● **WHAT THE TASK ASKS**:
The full text of the records below, minus any pictures, should be given back word for word.

● **MATERIAL FOR THIS EXERCISE**:

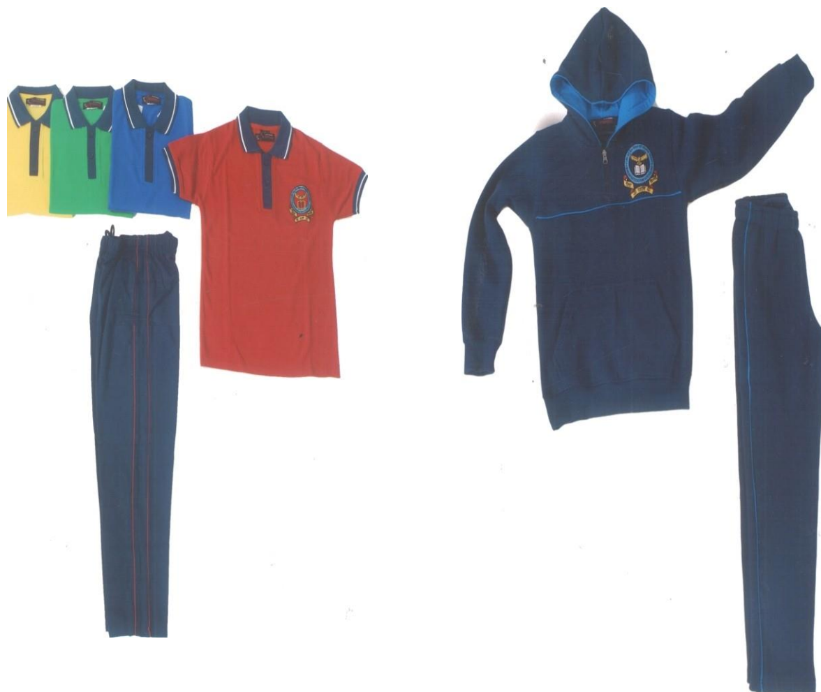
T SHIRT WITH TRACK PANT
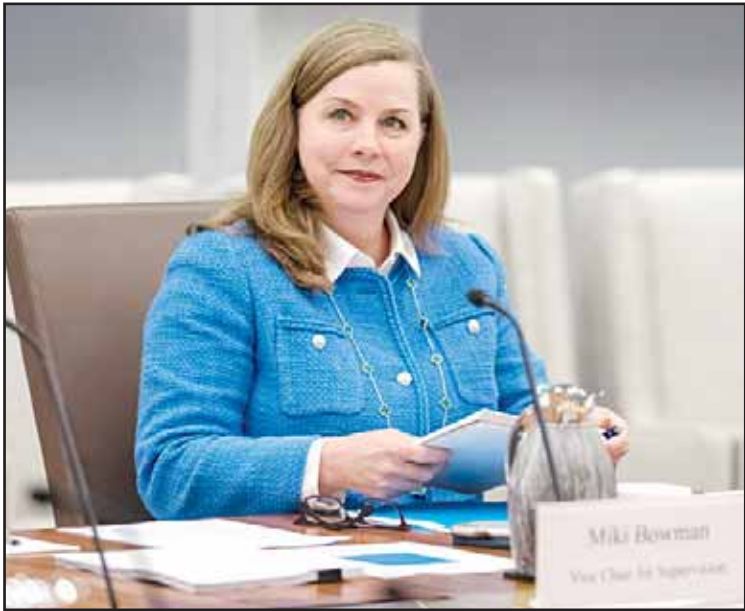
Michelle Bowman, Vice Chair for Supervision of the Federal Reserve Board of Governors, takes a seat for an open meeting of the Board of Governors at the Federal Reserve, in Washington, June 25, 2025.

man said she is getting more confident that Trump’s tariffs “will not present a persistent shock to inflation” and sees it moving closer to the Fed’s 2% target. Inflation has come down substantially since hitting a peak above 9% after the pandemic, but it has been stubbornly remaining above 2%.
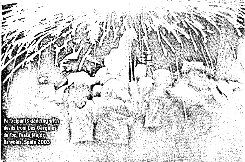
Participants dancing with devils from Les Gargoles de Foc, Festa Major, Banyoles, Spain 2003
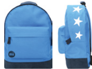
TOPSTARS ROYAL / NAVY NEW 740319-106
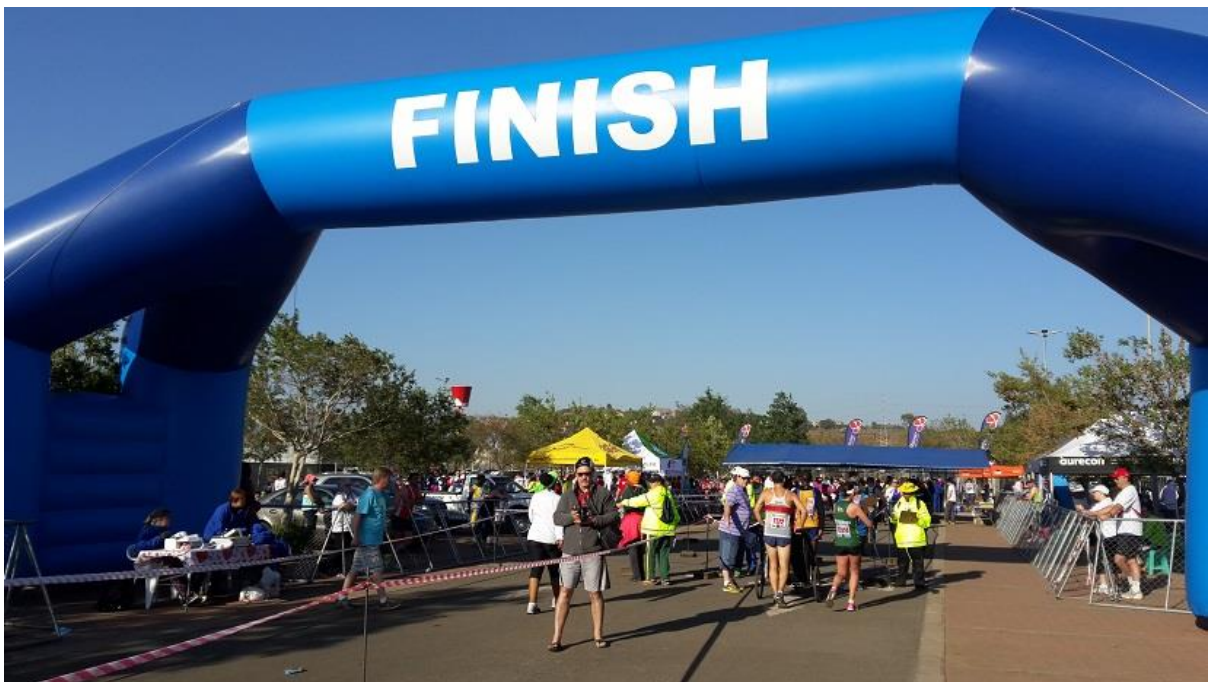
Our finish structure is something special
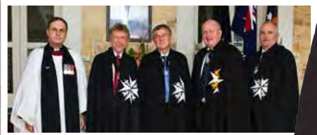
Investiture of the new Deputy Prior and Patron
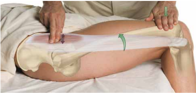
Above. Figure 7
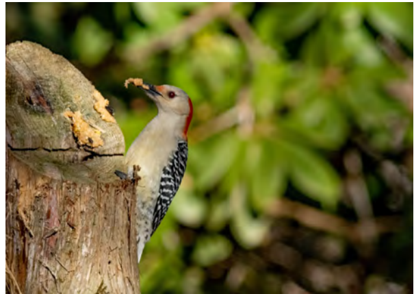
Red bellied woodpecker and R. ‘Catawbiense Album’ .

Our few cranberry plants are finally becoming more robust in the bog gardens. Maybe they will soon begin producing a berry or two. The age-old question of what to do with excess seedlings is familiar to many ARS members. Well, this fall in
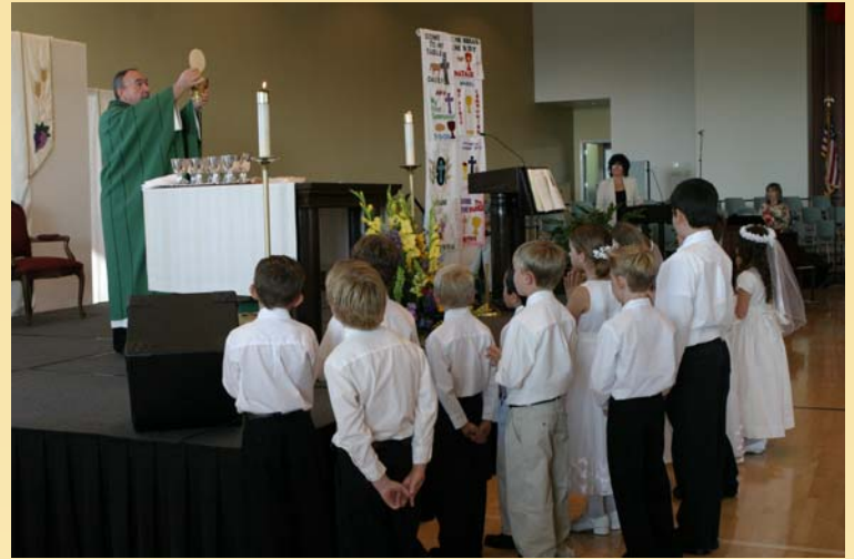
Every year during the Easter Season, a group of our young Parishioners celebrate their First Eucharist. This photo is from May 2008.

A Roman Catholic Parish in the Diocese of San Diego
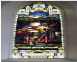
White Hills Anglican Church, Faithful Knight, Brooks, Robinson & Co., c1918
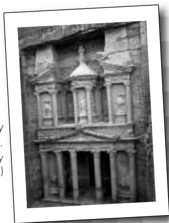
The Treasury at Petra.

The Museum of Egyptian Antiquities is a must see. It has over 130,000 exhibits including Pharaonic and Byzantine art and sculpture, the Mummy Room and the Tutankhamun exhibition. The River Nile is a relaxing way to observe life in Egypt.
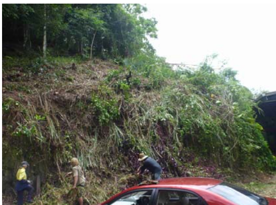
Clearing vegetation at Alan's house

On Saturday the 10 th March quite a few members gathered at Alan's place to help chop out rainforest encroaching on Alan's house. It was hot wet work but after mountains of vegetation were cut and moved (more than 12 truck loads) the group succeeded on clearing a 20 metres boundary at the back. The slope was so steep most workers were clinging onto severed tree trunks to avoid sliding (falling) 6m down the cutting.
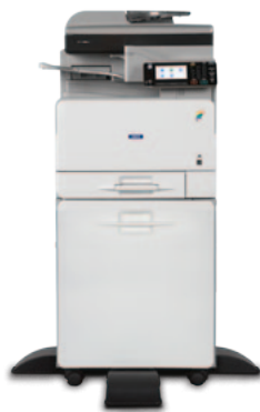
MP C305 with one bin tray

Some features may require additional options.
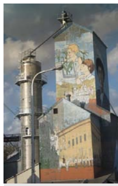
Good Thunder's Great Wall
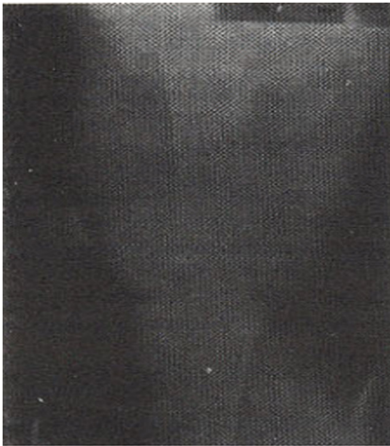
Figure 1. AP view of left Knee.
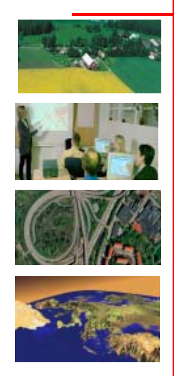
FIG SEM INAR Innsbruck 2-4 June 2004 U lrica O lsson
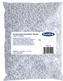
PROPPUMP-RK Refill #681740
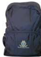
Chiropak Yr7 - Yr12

● **WRITTEN ANSWER**:
T SHIRT WITH TRACK PANT
Michelle Bowman, Vice Chair for Supervision of the Federal Reserve Board of Governors, takes a seat for an open meeting of the Board of Governors at the Federal Reserve, in Washington, June 25, 2025.

man said she is getting more confident that Trump’s tariffs “will not present a persistent shock to inflation” and sees it moving closer to the Fed’s 2% target. Inflation has come down substantially since hitting a peak above 9% after the pandemic, but it has been stubbornly remaining above 2%.
Participants dancing with devils from Les Gargoles de Foc, Festa Major, Banyoles, Spain 2003
TOPSTARS ROYAL / NAVY NEW 740319-106
Our finish structure is something special
Investiture of the new Deputy Prior and Patron
Above. Figure 7
Red bellied woodpecker and R. ‘Catawbiense Album’ .

Our few cranberry plants are finally becoming more robust in the bog gardens. Maybe they will soon begin producing a berry or two. The age-old question of what to do with excess seedlings is familiar to many ARS members. Well, this fall in
Every year during the Easter Season, a group of our young Parishioners celebrate their First Eucharist. This photo is from May 2008.

A Roman Catholic Parish in the Diocese of San Diego
White Hills Anglican Church, Faithful Knight, Brooks, Robinson & Co., c1918
The Treasury at Petra.

The Museum of Egyptian Antiquities is a must see. It has over 130,000 exhibits including Pharaonic and Byzantine art and sculpture, the Mummy Room and the Tutankhamun exhibition. The River Nile is a relaxing way to observe life in Egypt.
Clearing vegetation at Alan's house

On Saturday the 10 th March quite a few members gathered at Alan's place to help chop out rainforest encroaching on Alan's house. It was hot wet work but after mountains of vegetation were cut and moved (more than 12 truck loads) the group succeeded on clearing a 20 metres boundary at the back. The slope was so steep most workers were clinging onto severed tree trunks to avoid sliding (falling) 6m down the cutting.
MP C305 with one bin tray

Some features may require additional options.
Good Thunder's Great Wall
Figure 1. AP view of left Knee.
FIG SEM INAR Innsbruck 2-4 June 2004 U lrica O lsson
PROPPUMP-RK Refill #681740
Chiropak Yr7 - Yr12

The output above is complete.